If Sheila Heti was Italian and wrote a modern Franny & Zooey, it would approximate how powerful and magnificent Veronica Raimo’s novel Lost on Me is.
Kirkus wrote of the book:
“Filled with humor and neuroses…Raimo weaves together a series of nonlinear vignettes with a deft hand, connecting seemingly disparate moments through themes of longing, loneliness, identity, and, perhaps most profoundly, the concept of memory itself…A witty and complex portrait of a woman becoming herself.”
This book is about me. Sort of. “Let’s just say this is me” says the narrator of the book, which is me, sort of. So, let’s just say this is me and this is a playlist of songs which had a meaning in my life. I can’t say they are my favorite songs. That would be almost an impossible playlist to think of, it would change so much every year, every month, every single moment. So, these are songs that I used to listen to in some particular moment of my life, or maybe not even particular, just some random moments, some memorable and unmemorable moments. It’s all Italian stuff.
Minuetto – Mia Martini
Mia Martini was my father’s favorite singer. He really loved her, my mother was almost jealous: “So, why do you find her so interesting?” she would ask. In our long, exhausting, summer trips towards Apulien, where we had holidays, he kept on playing Mia Martini on the car stereo, which made it my summer soundtrack for many years when I was a kid. I liked this song very much. My mother not so much. Martini died at 47 after a very troubled life.
Summer on a Solitary Beach – Franco Battiato
“La voce del padrone” by Franco Battiato was the first audio tape I bought myself, at a gasoline station, during one of the aforementioned long, exhausting summer trips towards Apulien. When I grew up, I discovered Battiato had made lot of albums before that, much weirder, avant-garde and experimental stuff, and he became one of my favorite Italian musicians, but that album it’s still his best success. This happens. He died two years ago.

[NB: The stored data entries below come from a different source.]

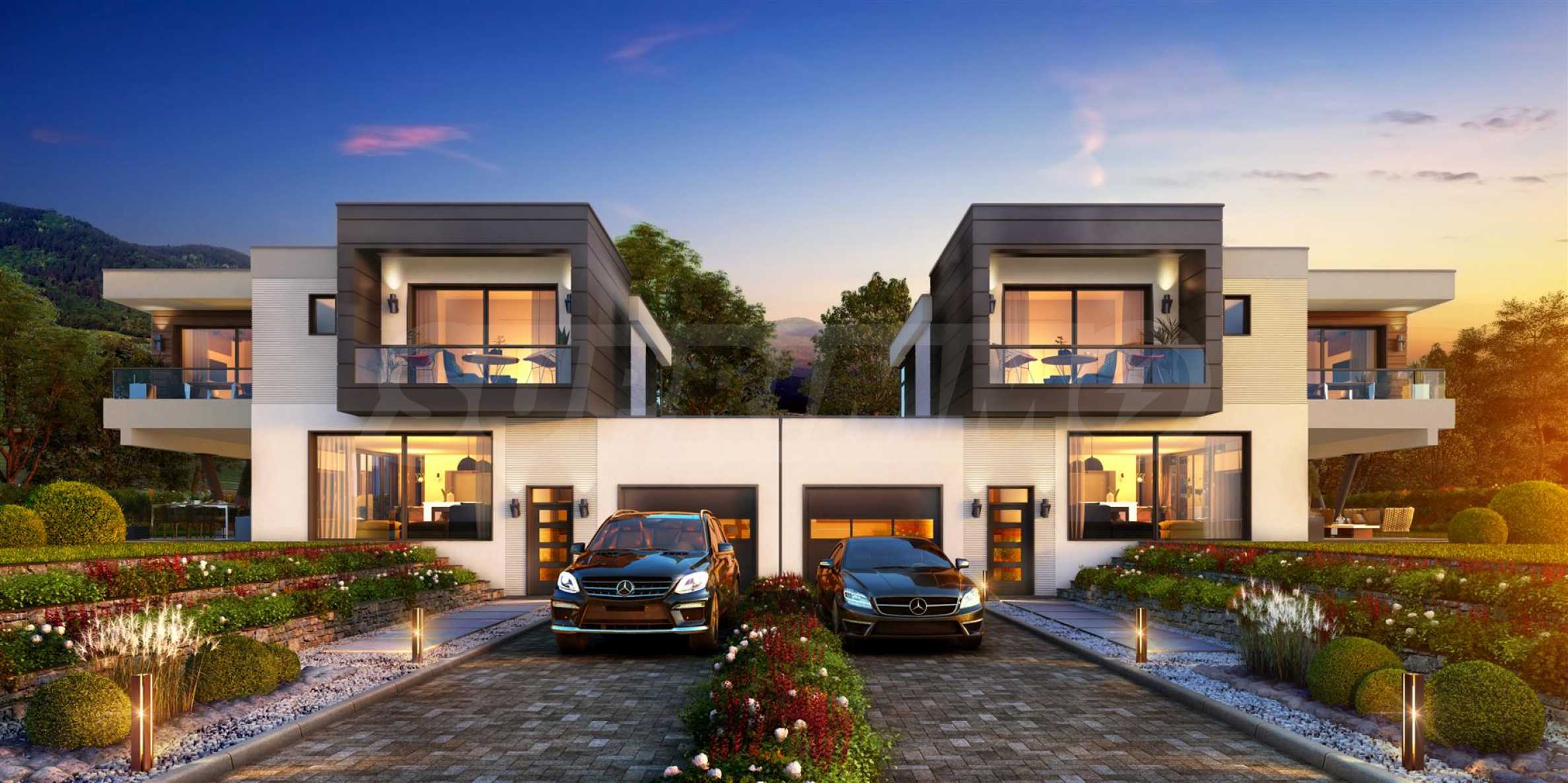 The quality of the materials used to build the houses is at the highest world level. The entire construction is brick, insulation on brick walls with Rockwool Fasrock stone wool, 3-layer glass units, aluminum joinery with sliding systems.
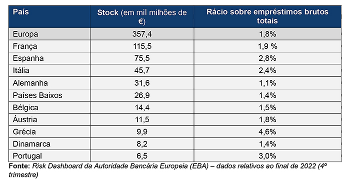 A fotografia atual do crédito malparado na Europa é marcada por um stock total de cerca de €357,4 mil milhões e um rácio (crédito concedido versus crédito malparado) médio de 1,8%. No entanto, como se pode verificar abaixo, os países do sul da Europa apresentam, todos eles, indicadores de rácio muito acima da média e alguns dos stocks mais expressivos da União Europeia, nomeadamente: Itália: 2,4% e €51,2 mil milhões; Espanha: 2,8% e €75,5 mil milhões; Portugal: 3,0% e €6,5 mil milhões; Grécia: 4,6% e €9,9 mil milhões.
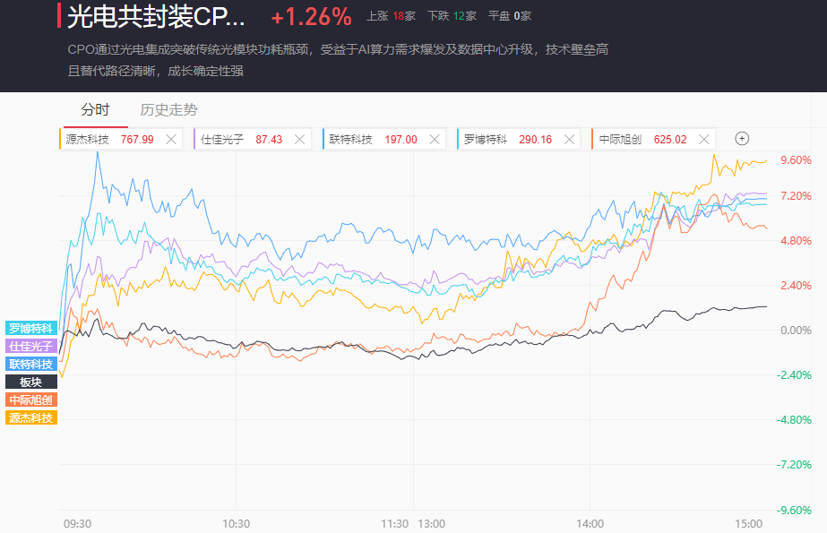CPO板块午后单边走强,水下拉升幅度近3%,最终收涨1.26%。
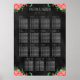 © Sunny Mars Designs - Floral Hibiscus: Pink on Chalkboard Wedding Seating Charts for 15 Tables - Customizable, modern, elegant, classy, trendy, chic, formal custom printed black chalkboard wedding table seating charts template with beautiful swirly floral tropical hibiscus design against a blackboard or chalk board background. For fifteen tables.
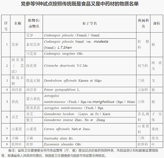 附件:黨參等9種試點(diǎn)按照傳統(tǒng)既是食品又是中藥材的物質(zhì)名單
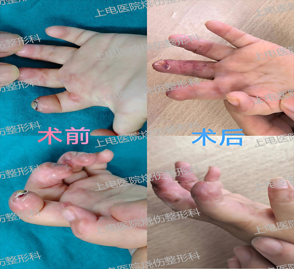 面对这一棘手病例,医院烧伤整形科联合骨科、麻醉科、影像科,为患者量身定制了"最小创伤、最大效果"的矫正方案。手术挑战婴幼儿手术“三重关”:麻醉关—采用精细化麻醉管理,确保未成熟器官安全;手术关—毫米级操作解除疤痕挛缩,重建手指功能;护理关—24小时专业监护平稳度过危险期。

Maledetta primavera – Loretta Goggi
When I was in high school, I walked home from school with my best friend Cecilia. I can’t say we had wonderful voices, and to be honest we sang atrociously, but nonetheless we loved to sing, and that’s one of the songs that – during that walk – we loved to sing aloud, very aloud, totally careless about people around. I wish I could have the same carelessness today.
Ti ricordi quei giorni – Francesco Guccini
Francesco Guccini’s concert was my first concert. There I met my first boyfriend; I saw him in the crowd and kept looking at him during the whole concert. When it finished, I saw him in line to the bathroom and went there and told him he was the most beautiful guy I had ever seen (sic), then gave him a piece of paper with my telephone number (not my self-phone number, since I had none, but the telephone number of my family house), and then ran away since my father was waiting outside the concert hall to drive me home. I was fifteen.
Gomma – Baustelle
When – at the University – I moved together with Cecilia and Milena, another friend, to my grandparents’ home, I was totally obsessed with “Sussidiario illustrato della giovinezza”, the first studio album by Baustelle (I also think it has one of the best titles ever, something like “Illustrated Textbook of Youth”, but I fear it doesn’t sound as good in English). At first my friends couldn’t stand me and my obsession, but slowly they became affected too. That was my favorite track of the album.
CCCP had been the first Italian band in which I recognized a sense of political and aesthetic belonging, and also my Italian access to punk. I never had a chance to see them playing live since I was too young. When I started writing as music journalist, I went to interview the former CCCP’s leader, who in the meantime was converted to Catholicism, was a huge supporter of Pope Benedict XVI and was against abortion.
Non mi piace viaggiare – Giorgio Poi
As it often happens, I wrote most of this novel in Berlin. I like to go to Berlin and live in someone’s place in order to write. But I hate to travel. Especially I hate to take a flight. It’s not that I am scared, flying just makes me bored. And I would gladly smash all those horrible wheeled luggages who look like cubic dogs. Every time I am on a plane, I listen to this song, and I feel reassured that there are other people who hate travelling just like me.
Also at Largehearted Boy:
Veronica Raimo is the author of four novels, the most recent of which, Lost On Me (Niente di Vero) was shortlisted for the Premio Strega Prize and won the Strega Off Prize, the Strega Giovani Prize and the Viareggio Rèpaci Prize. Her 2019 novel The Girl at the Door (Miden) was called “Darkly amusing…profoundly feminist” by Jezebel and “tight and provocative” by Salon. Her stories have appeared in various anthologies and magazines, here and abroad. She wrote the collection of poems Le bambinacce with Marco Rossari. She cowrote the script for the film Sleeping Beauty (2012) by director Marco Bellocchio. She contributes cultural articles to various Italian publications, and her translations into Italian include works by F. Scott Fitzgerald. Octavia. E. Butler, Ray Bradbury and Ursula K. Le Guin. Film rights to Lost On Me were acquired by Fandango and the book will also be published in the UK, France and Germany.